Dr. Mary Patricia Seurkamp, Ph.D is the former President of Notre Dame of Maryland University from 1997 until her retirement in 2012. She is the first layperson to lead the school. The College (CNDM) was the first Roman Catholic college or university in the U.S. to open its doors to women seeking a baccalaureate degree.

Dr. Seurkamp led Notre Dame through a strategic planning process which reaffirmed CNDM's commitment to the education of women.

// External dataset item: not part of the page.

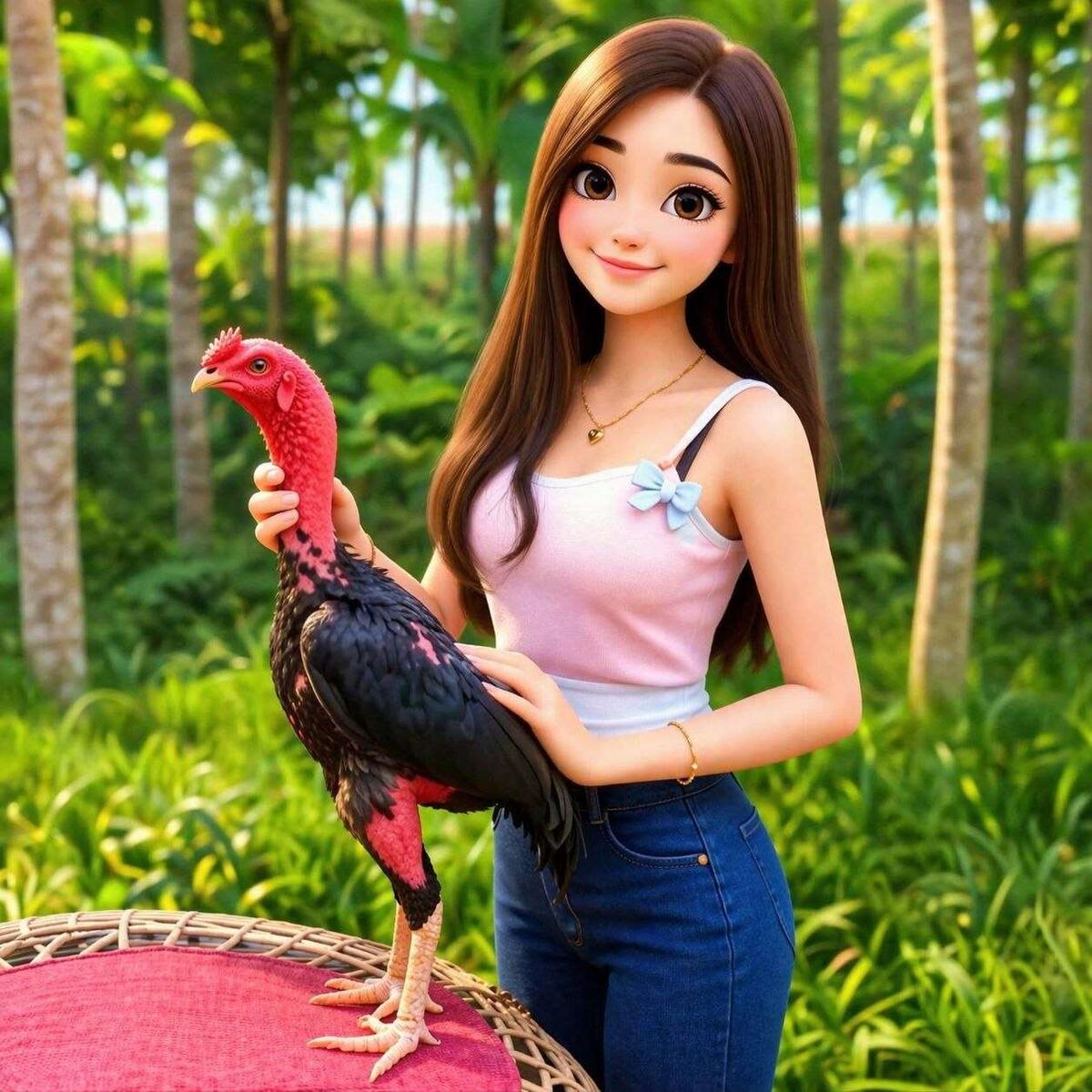 Жили-были когда-то на опушке зелёного леса маленькая курочка. Она была очень добрая, но немного застенчивая. А в лесу жила весёлая и игривая обезьянка. Она любила прыгать с дерева на дерево.

Under her leadership, the institution unveiled its first doctoral program, in education, and created a school of pharmacy. In recognition of the new complexity, CNDM was rechristened Notre Dame of Maryland University (NDMU) in 2011. She represents the College on national and local boards. Before her arrival at Notre Dame, Dr. Seurkamp served at St. John Fisher College in Rochester, New York for 21 years.

She graduated from Webster University in 1968 with a B.A. degree in psychology, from Washington University in St. Louis in 1969 with an M.A. in guidance and counseling, and from the State University of New York at Buffalo in 1990 with a Ph.D in Higher Education.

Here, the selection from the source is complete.